With the Eurozone apparently having consigned the recent crisis in Cyprus to the ‘old news’ drawer in the filing cabinet, the Euro is picking up a bullish tone once again today, currently trading just below the 1.3000 level, and recovering the losses of earlier in the week, which saw the EUR/USD slide to a low of 1.2842 on Tuesday. The price action on Wednesday, which saw the pair bounce back, duly posted an isolated pivot low at this level, helping to give some much needed bullish momentum in trading today, and helped higher with some interim weakness in the US dollar. Indeed the US dollar index appears to have run into some significant resistance in the 83.18 area, and in today’s trading session has moved back below the 83.00 level to trade at 82.64 at time of writing.
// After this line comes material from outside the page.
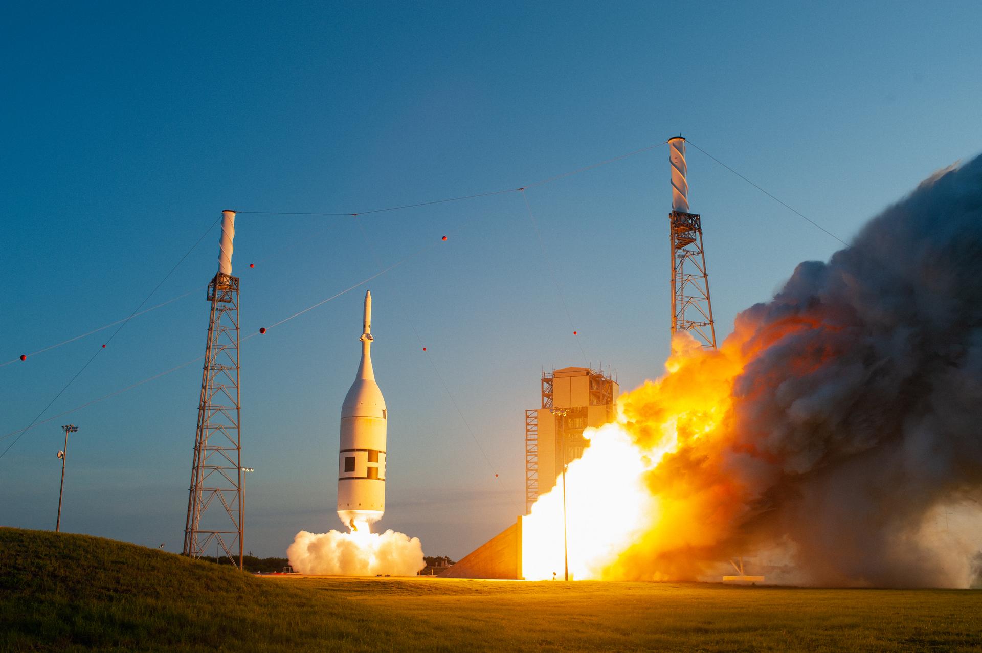 A fully functional Launch Abort System (LAS) with a test version of Orion attached, launches on NASA’s Ascent Abort-2 (AA-2) atop a Northrop Grumman provided booster on July 2, 2019, at 7 a.m. EDT, from Launch Pad 46 at Cape Canaveral Air Force Station in Florida. During AA-2, the booster will send the LAS and Orion to an altitude of 31,000 feet, traveling at Mach 1.15 (more than 1,000 mph). The LAS’ three motors will work together to pull the crew module away from the booster and prepare it for splashdown in the Atlantic Ocean. The flight test will prove that the abort system can pull crew to safety in the unlikely event of an emergency during ascent.

So where next for the Euro?
Well the first step is a move beyond the 1.3000 level which should be achieved either later today, or early next week. Once above this level, the next key price point is a push through the price congestion of the last two weeks which extends to 1.3150, and should this be breached, as expected, then we should see a move in the short to medium term to test the underside of the next area of resistance in the 1.3300 region.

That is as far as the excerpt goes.